Ryan was taken to an emergency room where Cam was sat on the end of a hospital bed, in floods of tears.

“Oh my god.” Ryan stopped in astonishment. “How could you try fooling me like that?”

“What?” Cam looked up at Ryan confused.

“Everyone said she was gone. She isn’t gone, she’s right here, safe and sound now.” Ryan explained.

“What are you talking about?” Cam asked.

“Ingrid’s behind you, haven’t you looked?” Ryan diverted his attention to me. “What the hell happened Ingrid? How are you feeling?”

“Don’t worry. I’m okay now.” I said a little shakily. “How come you can see me?”

“Who are you talking to?” Cam sobbed. “My daughter is gone. I don’t think you’re very well son.”

“What do you mean Ingrid? Why wouldn’t I be able to see you?” Ryan sounded confused. “Cam she’s here, Ingrid is here.”

“Ryan, you shouldn’t be able to see me, no one can see me. I’m dead in your world. That’s why Cam can’t see me.” I explained to him.

“Your sick little game isn’t funny Ryan. Ingrid is dead, passed away, gone forever. It’s my entire fault.” Cam cried even harder.

“How’s it your fault?” Ryan asked. “What did you do, she committed suicide.”

Cam explained to Ryan how she had called me and told me about her proposed marriage to Jonas. She also changed her tune and pleaded that she should have thought about my feelings first. I decided this was all an act. She never liked me, not one little bit. I wasn’t hers.

Ryan screamed at her for hours after that.
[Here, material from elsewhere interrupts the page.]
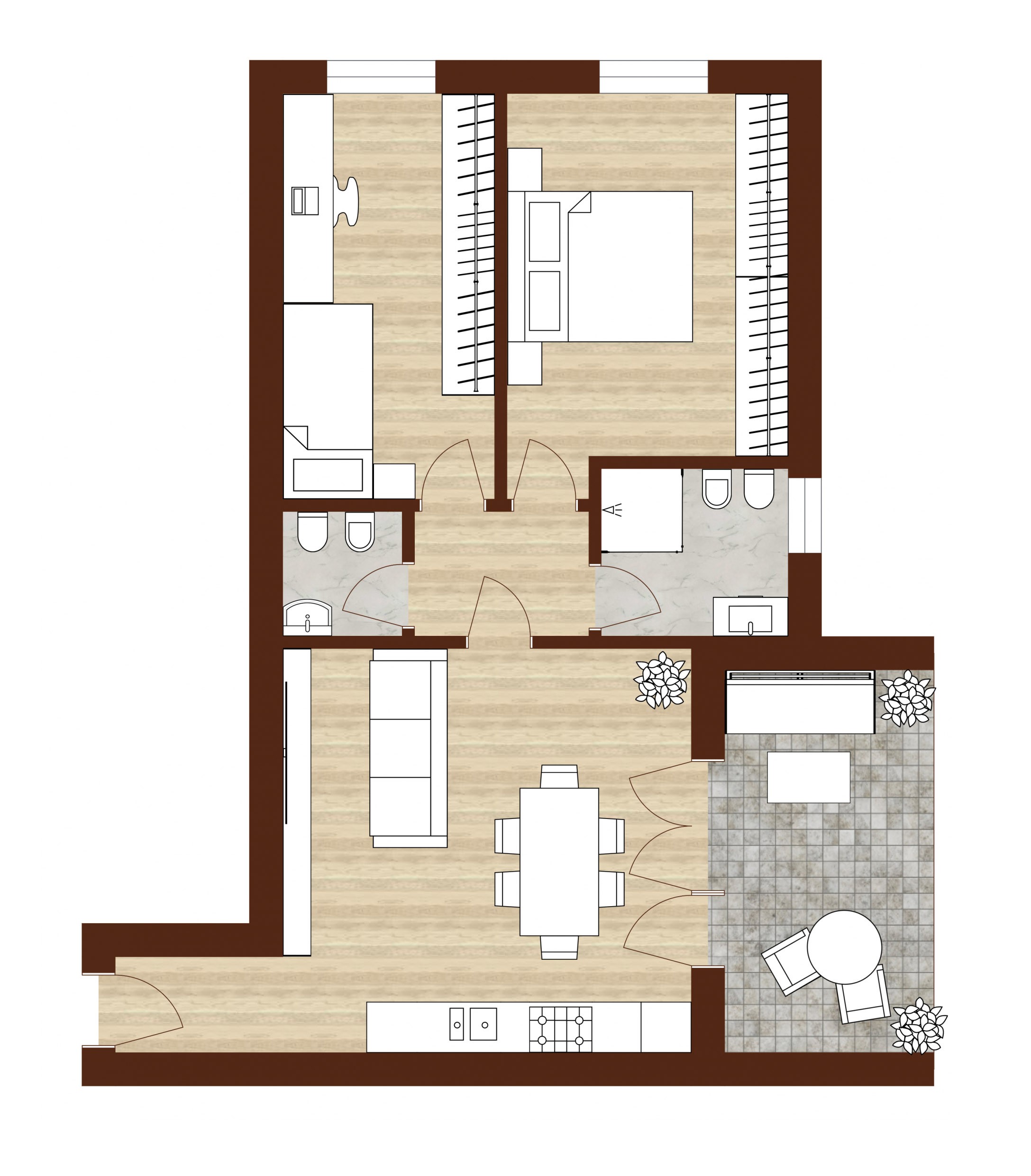 APP.TO 06 – al 1° PIANO, ZONA GIORNO di 26mq con TERRAZZO di 11mq, disimpegno notte, 2 CAMERE da letto (MATRIMONIALE + 3/4) e 2 BAGNI.

He swore that she would die a horrible death and that she deserved every bad thing that would come her way. I didn’t try to stop him, or tell him that he was wrong. I couldn’t get a word in edge ways.

In the end Ryan was kicked out of the hospital for using abusive language. I followed him and climbed on the back of the motorbike. Neither of us said anything. Ryan was in total shock and I still didn’t understand why Ryan could see me.

“Ryan, that little baby girl is yours. She’s still inside me.” I broke the news to him a little later when we were sat at home.

“I know.” Was all that Ryan said in an emotionless tone.

“I’m sorry Ryan. I couldn’t deal with Cam marrying Jonas. I miss my dad so badly. He still means so much to me and I want to be with him.” I told Ryan.

“I know.” Said Ryan again.

I had to figure out why Ryan could still see and hear me. It was freaking me out. There had to be something that was stopping me from crossing over into the afterlife. Perhaps something that linked me to this world still. That was when it came to me. ‘THE BABY’. My baby girl was still inside me, she wasn’t just my child but also Ryan’s, and whilst she was still inside me, I would be linked to this world via Ryan.